Are citizens limited to what we can refer to a vote? The attorney general thinks the law says just that.

In today's Rapid City Journal, Attorney General Larry Long thinks that the South Dakota Constitution might have some limitations on the initiative and referral process that many people aren't aware of:
Long said he based his opinion on a 1995 case dealing with an initiated measure in Wessington Springs. The state’s highest court said an initiative could not be used to repeal a city ordinance, and that ruling likely applies to initiatives on the state level, the attorney general said.

Supporters of the two proposals strongly criticized Long’s opinion, but they did not immediately pledge to pursue legal challenges.

Long said the 1995 Supreme Court ruling said an initiated measure cannot be used to repeal existing law, and the two measures at issue seek to repeal the video lottery and the tax on cell-phone companies passed by the 2003 Legislature.

The attorney general said he interprets the 1995 court ruling to mean that initiated measures cannot be used in cases where the appropriate remedy would have been for opponents to refer the existing law to a public vote, which must be done within 90 days of the end of the legislative session in which the law was passed.

Long said that the constitution bars referral of emergency laws and those necessary for the support of state government, such as revenue measures. An additional argument for keeping the video lottery and cell-phone tax measures off the ballot is that they could not have been referred to a public vote even when they were first passed, he said.


The video lottery has survived several statewide votes that could have repealed it.

Daniel Brendtro, who led the effort to put the video lottery repeal on the ballot, said he would take some time before deciding how to respond to Long’s opinion. But he said a court challenge appeared to be the only option left.

“The voters of South Dakota have the constitutional right to eliminate government programs and lower their own taxes at the ballot box, and I’m surprised to hear that the attorney general and the secretary of state think differently,” Brendtro said.
Read it all here. Secretary of State Chris Nelson noted that "he agrees with Long’s legal analysis but that he is “not a fan” of keeping measures off the ballot." I haven't read it yet, so I don't know if I'd agree myself. But I would concur with Chris that I'm not a fan of keeping things off the ballot, either.
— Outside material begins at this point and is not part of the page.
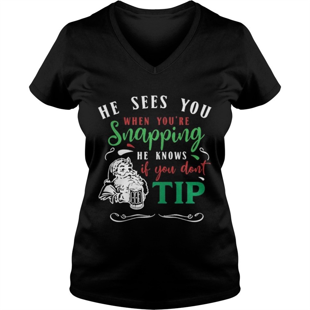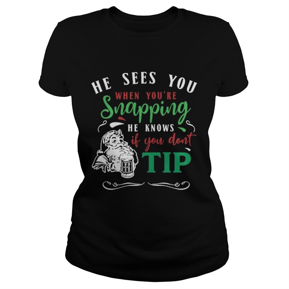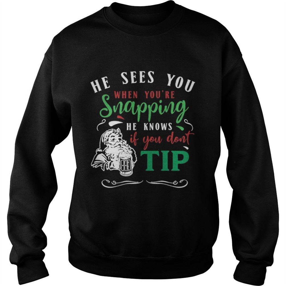 He sees you when youre snapping he knows if you dont tip santa shirt

Governmental authority rests with the electorate, and we don't like it when you tell us that we can't vote on something.

Maybe someone will start their own initiated constitutional measure to address the whole thing. A "constitutional amendment to protect the citizen's right to initiated measures."
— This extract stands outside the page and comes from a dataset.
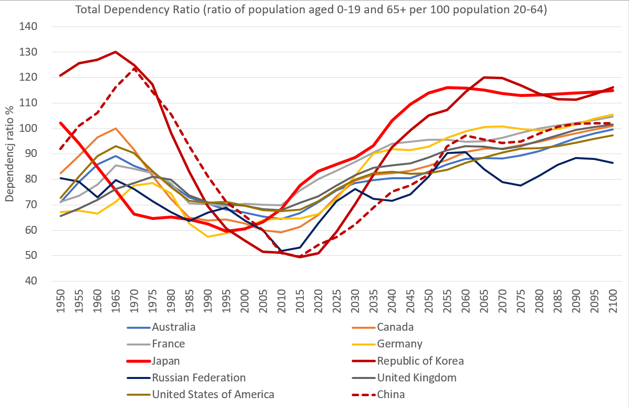 この中で、日本(赤色)は1950-1970年代これらの国々の中では少し異なった傾向を示し、1950年100%であったものが年とともに減少し、1995年日本経済のバブル期の頂点と生産世代人口の極大期が一致している。以後急速な高齢化により2035-40年には再び100%を超える。これは非生産年齢層人口が生産年齢層の人口を上回ることを表す、そして2055年にはこの比率が1.2倍弱のピークを迎える。韓国も少し遅れて日本の場合と同じ予測を示している。

But it needs a catchier title first.


Anonymous said…

Anonymous said…
Nothing surprising about the ruling. Have you ever considered reading the constitution and statutes governing r and i? try it, it might be fun.
Anonymous said…
I have read the Constitution and the statutes in regard to both referendum and initiative. What the Attorney General is doing is a travesty. The State is using questionable case law to protect a large revenue source, all at the expense of the public.

On another note, the Secretary of State's comments are disingenuous. He clearly has the right to not listent to the AG's opinion and to put the initiatives on the ballot. It wouldn't be any different than the vote on the food tax in 2004. The only difference, the State knew they weren't going to lose the food tax vote, because it was pushed by the Democratic party.

If people don't stand up for their right to vote in this instance they are going to be allowing the State to take that right away from them.
Anonymous said…
When the voters repealed the state inheritance tax a few years back was it an initiated measure or a constitutional amendment?

If an initiative wouldn't that have been the same thing?
Anonymous said…
Is Chris Nelson an attorney?
Anonymous said…
5:45, if you really had read the provisions in the constitution and statutes concerning r and i and actually understood them you would realize how inaccurate your comments are. The AG's reasoning is sound and reflects complete understanding of those provisions. I might add that if you don't like what the provisions are you can always use the process to change them, just don't cast aspersions aginst those who understand what they mean and are obligated by their oaths of office to uphold them.